The hard-fought struggle between Tesla boss Elon Musk and Twitter to take over the short message service could soon come to an end.

Musk bought himself time with a Delaware court's decision to stay the acquisition process until October 28.

By the end of October, the tycoon can now get the acquisition, which he had refrained from doing in the meantime, in a dry cloth.

But for that, even the richest man in the world has to stretch himself.

After all, he now has to raise $ 44 billion.

Musk said earlier this week that he would put up $54.20 per Twitter share, as originally announced in the April purchase agreement.

However, the financing for the deal must be in place, he added.

Both sides mistrust each other.

Because Musk had declared in July, with reference to alleged false statements by Twitter about the number of bogus accounts on the platform, that he would not complete the purchase.

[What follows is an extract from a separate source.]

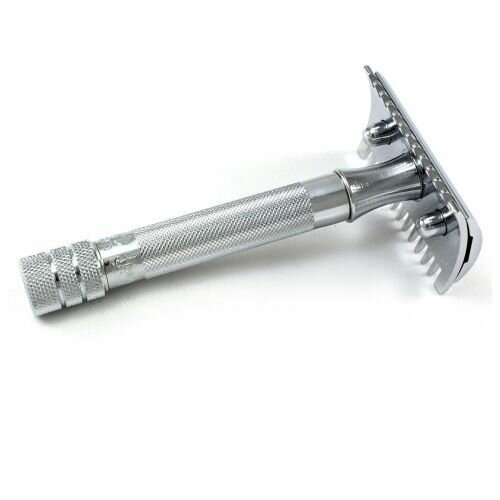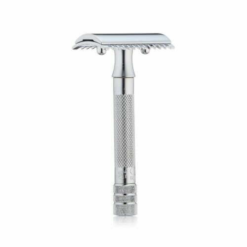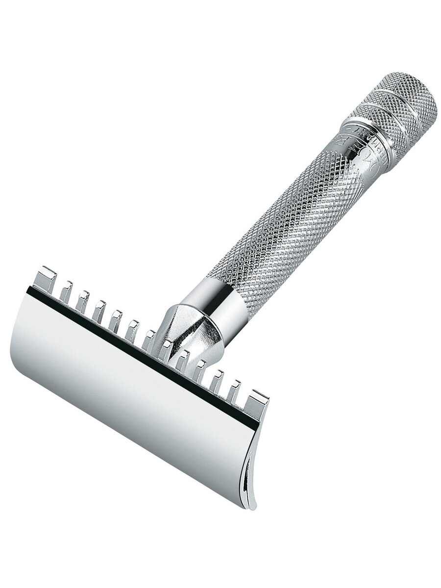 Т-образный станок для бритья Merkur 9015001 из высококачественной хромированной стали с открытым гребнем. Кромка лезвия выступает чуть сильнее, чем в станках с закрытым гребнем, что обеспечивает более плотный контакт лезвия с кожей и обеспечивает более чистое и гладкое бритье. Бритва идеально подойдет для тех, у кого более густая щетина, либо длинная густая борода. Рукоятка станка укороченная и легкая.

Musk and Twitter then sued each other.

Now the billionaire wants to get serious.

Musk had promised to raise a total of $46.5 billion from equity and debt for the deal to pay the $44 billion price tag and the extensive costs of the transaction.

Banks including Morgan Stanley and Bank of America have pledged to lend a combined $13 billion to the deal.

Twitter is keeping a close eye on Musk

However, Twitter is keeping a close eye on Musk's fingers and, citing a bank, said on Thursday that Musk had not yet given the financial institution a binding notification that he really wanted to complete the transaction.

Musk, on the other hand, said the banks were working cooperatively to secure funding for the deal around Oct. 28.

Musk must also raise his own funds, which should be around $ 33.5 billion.

The businessman can draw on his Twitter share of 9.6 percent, which is worth around four billion dollars.

He can also draw on money from well-heeled co-investors, including Oracle co-founder Larry Ellison and a Saudi prince.

Their sum is around 7 billion dollars.

That leaves $22.4 billion, for which he will probably have to open his coffers wider.

The 51-year-old Musk is the richest person in the world with a fortune estimated by Forbes magazine at 219 billion dollars.

But most of his money is in Tesla shares, with a smaller portion in SpaceX shares.

$20 billion in cash

According to Reuters calculations, after the meltdown of his Tesla stake in November and December, as well as in April and August, Musk is sitting on around $20 billion in cash.

So there should still be two to three billion dollars left before Musk gets there.

But Musk can solve this too - because he has a few options for that.

The billionaire could divest more shares in Telsa or reduce its stake in Space X.

Another option would be to use the shares as collateral to get more loans.

Or Musk could just bring more investors on board.

Musk had emphasized in August that he did not want to part with further Tesla shares.

But since Musk has already done a few U-turns, Tesla shareholders are concerned that he might change his mind and throw shares in the electric car maker onto the market.

According to Reuters calculations, the value of his Tesla package should be around 111 billion dollars.

So Musk still has a lot of wiggle room.